=== Exercise instructions ===
The required answer is the data below, restated word for word with images omitted.

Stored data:
▼
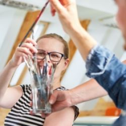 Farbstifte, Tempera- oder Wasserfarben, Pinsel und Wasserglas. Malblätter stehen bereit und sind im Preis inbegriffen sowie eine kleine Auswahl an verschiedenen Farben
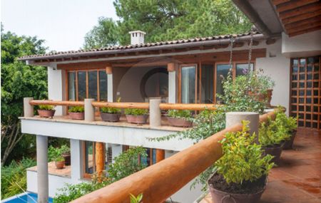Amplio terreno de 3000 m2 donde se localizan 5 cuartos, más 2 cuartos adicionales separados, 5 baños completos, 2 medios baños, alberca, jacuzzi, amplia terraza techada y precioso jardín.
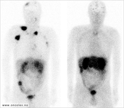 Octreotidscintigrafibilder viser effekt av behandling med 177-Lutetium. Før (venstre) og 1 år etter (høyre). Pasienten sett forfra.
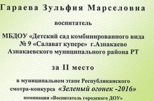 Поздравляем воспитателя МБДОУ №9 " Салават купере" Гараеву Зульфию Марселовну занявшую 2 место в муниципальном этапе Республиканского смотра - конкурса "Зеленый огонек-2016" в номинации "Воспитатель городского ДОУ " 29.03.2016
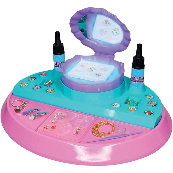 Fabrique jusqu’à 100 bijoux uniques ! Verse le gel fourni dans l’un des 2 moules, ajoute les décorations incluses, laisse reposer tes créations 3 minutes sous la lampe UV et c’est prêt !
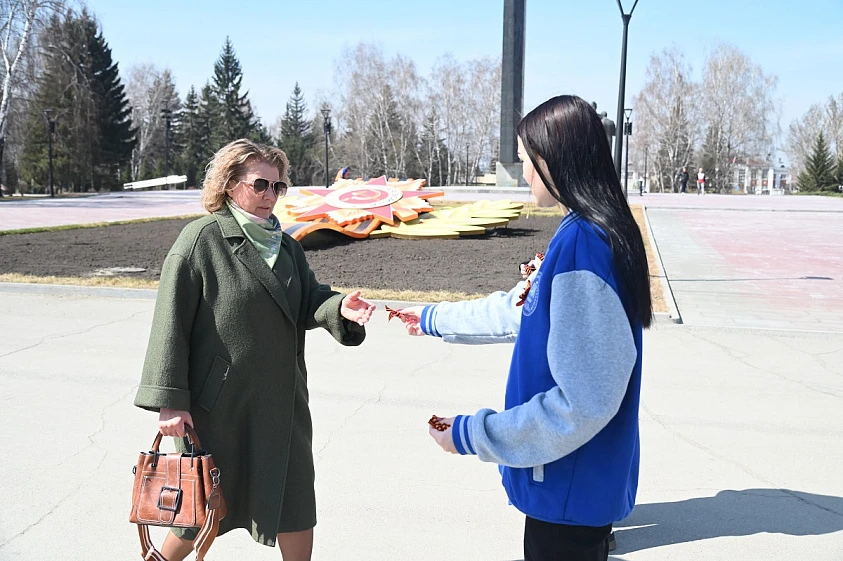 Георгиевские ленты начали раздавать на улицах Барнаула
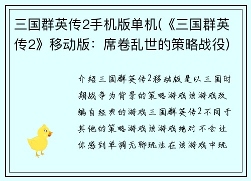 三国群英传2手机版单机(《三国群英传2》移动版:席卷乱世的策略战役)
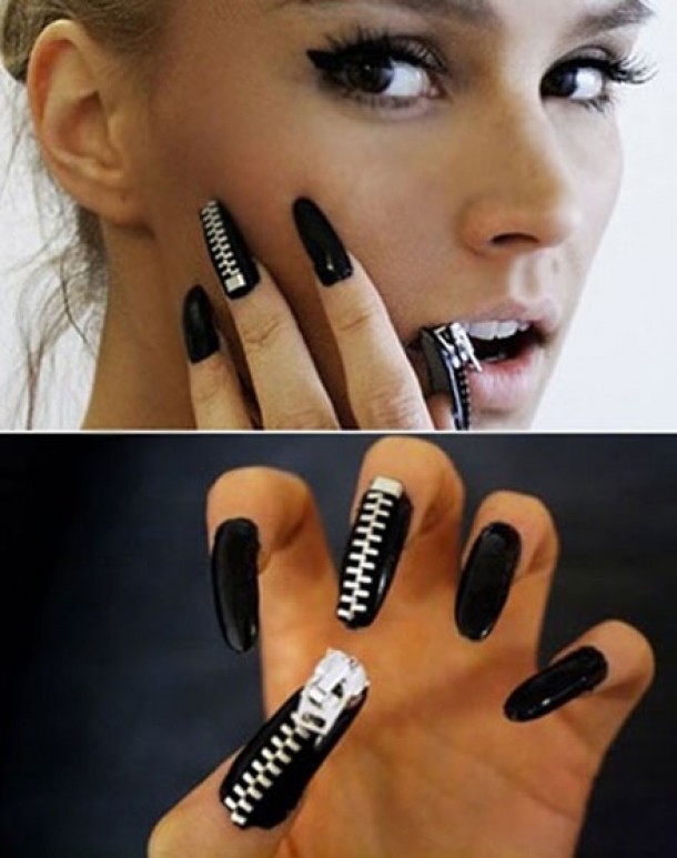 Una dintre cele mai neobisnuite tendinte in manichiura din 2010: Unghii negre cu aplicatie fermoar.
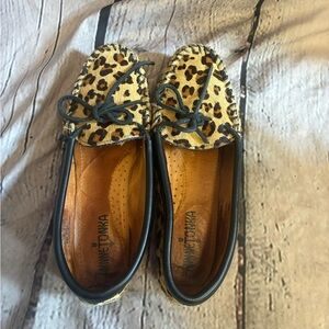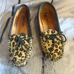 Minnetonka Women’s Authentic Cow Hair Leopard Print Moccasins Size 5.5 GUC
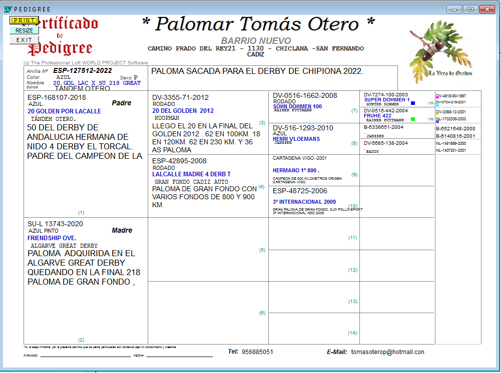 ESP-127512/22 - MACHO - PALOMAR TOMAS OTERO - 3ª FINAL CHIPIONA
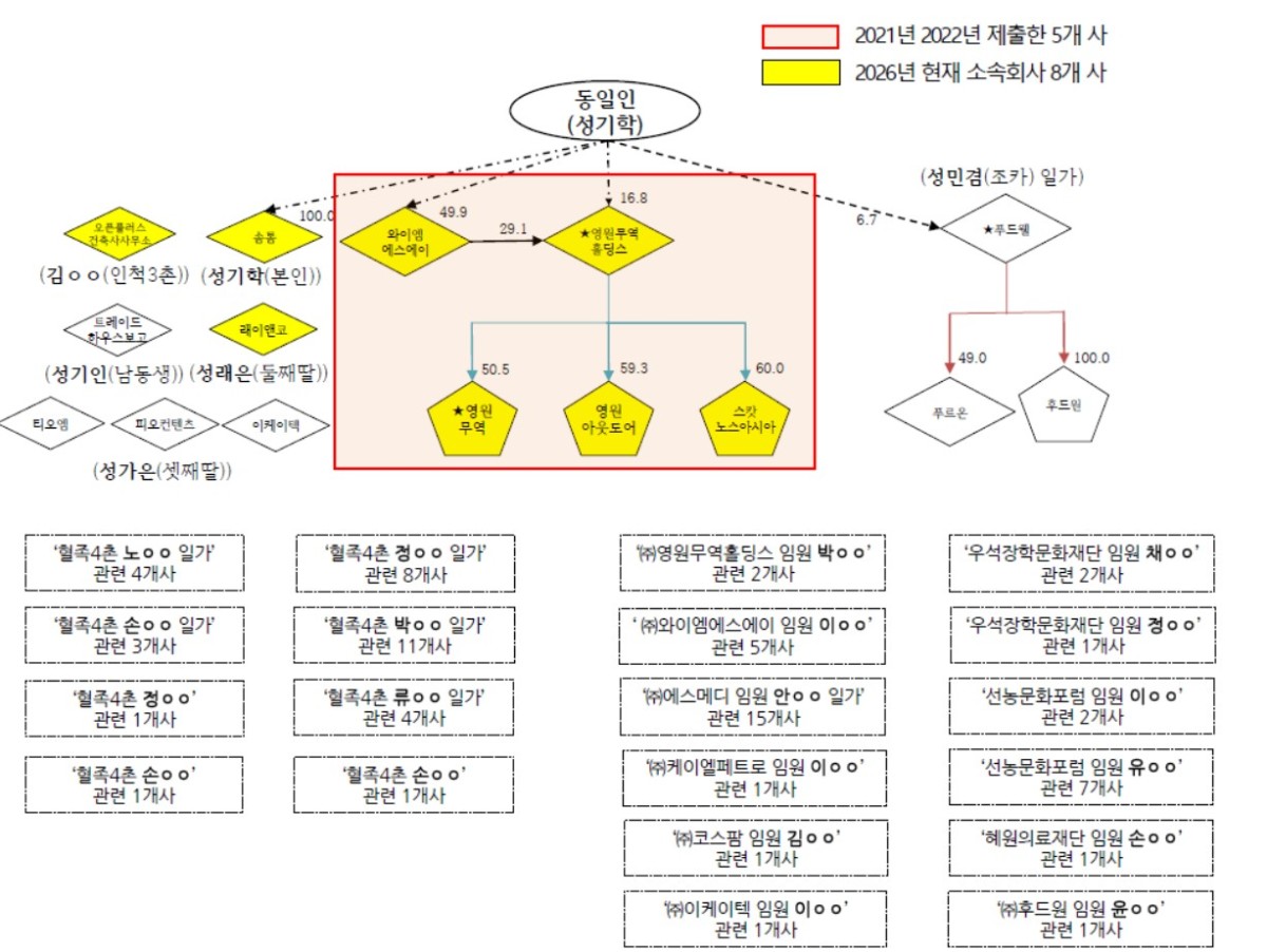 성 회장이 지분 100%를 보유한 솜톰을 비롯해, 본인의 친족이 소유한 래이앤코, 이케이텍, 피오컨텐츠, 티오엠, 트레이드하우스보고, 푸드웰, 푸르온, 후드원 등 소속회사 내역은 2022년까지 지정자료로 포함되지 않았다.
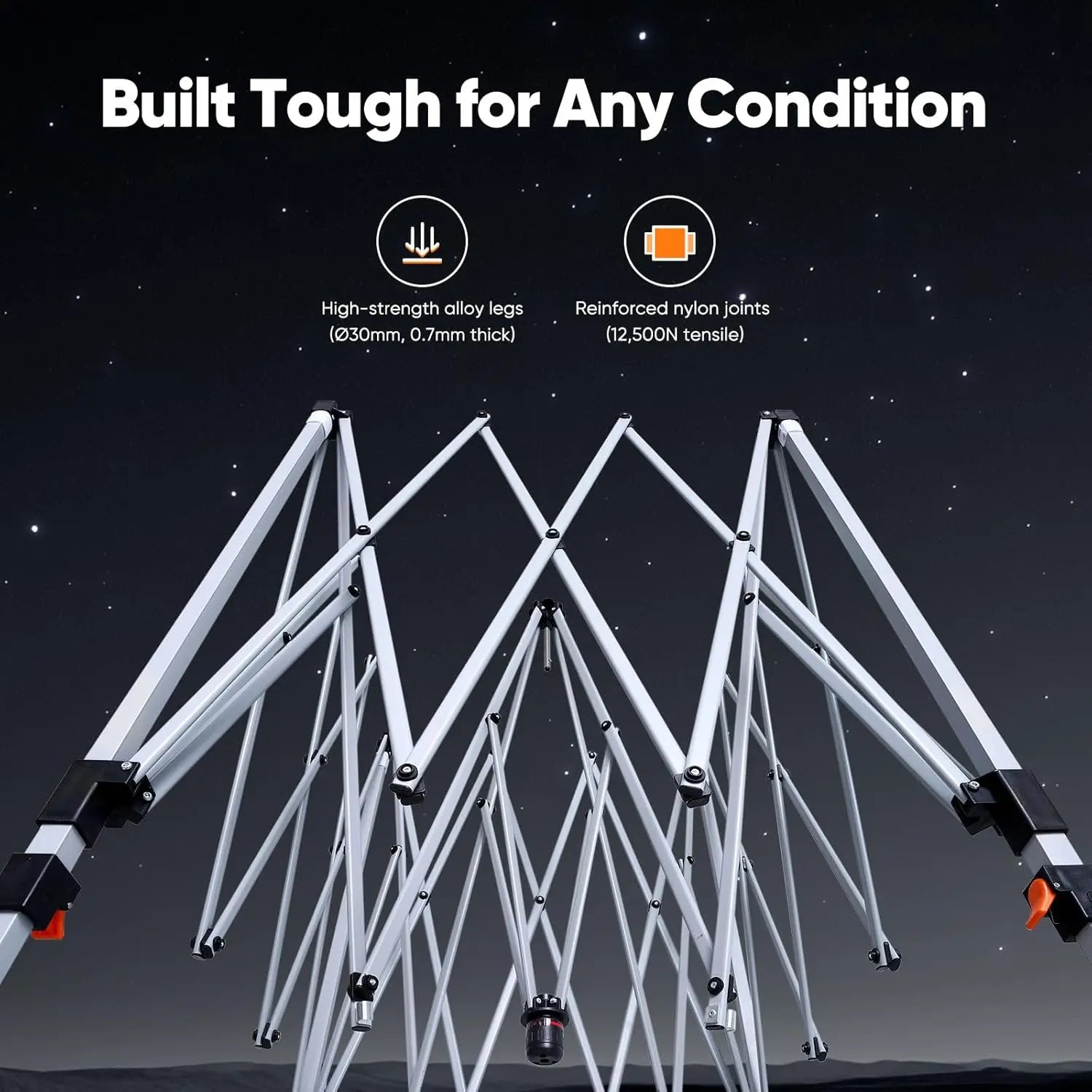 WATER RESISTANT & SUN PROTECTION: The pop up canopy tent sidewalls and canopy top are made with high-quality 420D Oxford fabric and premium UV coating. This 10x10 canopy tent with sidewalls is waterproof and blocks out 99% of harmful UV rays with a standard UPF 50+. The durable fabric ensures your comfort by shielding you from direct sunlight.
▲
=== Solution to the exercise ===
 Farbstifte, Tempera- oder Wasserfarben, Pinsel und Wasserglas. Malblätter stehen bereit und sind im Preis inbegriffen sowie eine kleine Auswahl an verschiedenen Farben
Amplio terreno de 3000 m2 donde se localizan 5 cuartos, más 2 cuartos adicionales separados, 5 baños completos, 2 medios baños, alberca, jacuzzi, amplia terraza techada y precioso jardín.
 Octreotidscintigrafibilder viser effekt av behandling med 177-Lutetium. Før (venstre) og 1 år etter (høyre). Pasienten sett forfra.
 Поздравляем воспитателя МБДОУ №9 " Салават купере" Гараеву Зульфию Марселовну занявшую 2 место в муниципальном этапе Республиканского смотра - конкурса "Зеленый огонек-2016" в номинации "Воспитатель городского ДОУ " 29.03.2016
 Fabrique jusqu’à 100 bijoux uniques ! Verse le gel fourni dans l’un des 2 moules, ajoute les décorations incluses, laisse reposer tes créations 3 minutes sous la lampe UV et c’est prêt !
 Георгиевские ленты начали раздавать на улицах Барнаула
 三国群英传2手机版单机(《三国群英传2》移动版:席卷乱世的策略战役)
 Una dintre cele mai neobisnuite tendinte in manichiura din 2010: Unghii negre cu aplicatie fermoar.
 Minnetonka Women’s Authentic Cow Hair Leopard Print Moccasins Size 5.5 GUC
 ESP-127512/22 - MACHO - PALOMAR TOMAS OTERO - 3ª FINAL CHIPIONA
 성 회장이 지분 100%를 보유한 솜톰을 비롯해, 본인의 친족이 소유한 래이앤코, 이케이텍, 피오컨텐츠, 티오엠, 트레이드하우스보고, 푸드웰, 푸르온, 후드원 등 소속회사 내역은 2022년까지 지정자료로 포함되지 않았다.
 WATER RESISTANT & SUN PROTECTION: The pop up canopy tent sidewalls and canopy top are made with high-quality 420D Oxford fabric and premium UV coating. This 10x10 canopy tent with sidewalls is waterproof and blocks out 99% of harmful UV rays with a standard UPF 50+. The durable fabric ensures your comfort by shielding you from direct sunlight.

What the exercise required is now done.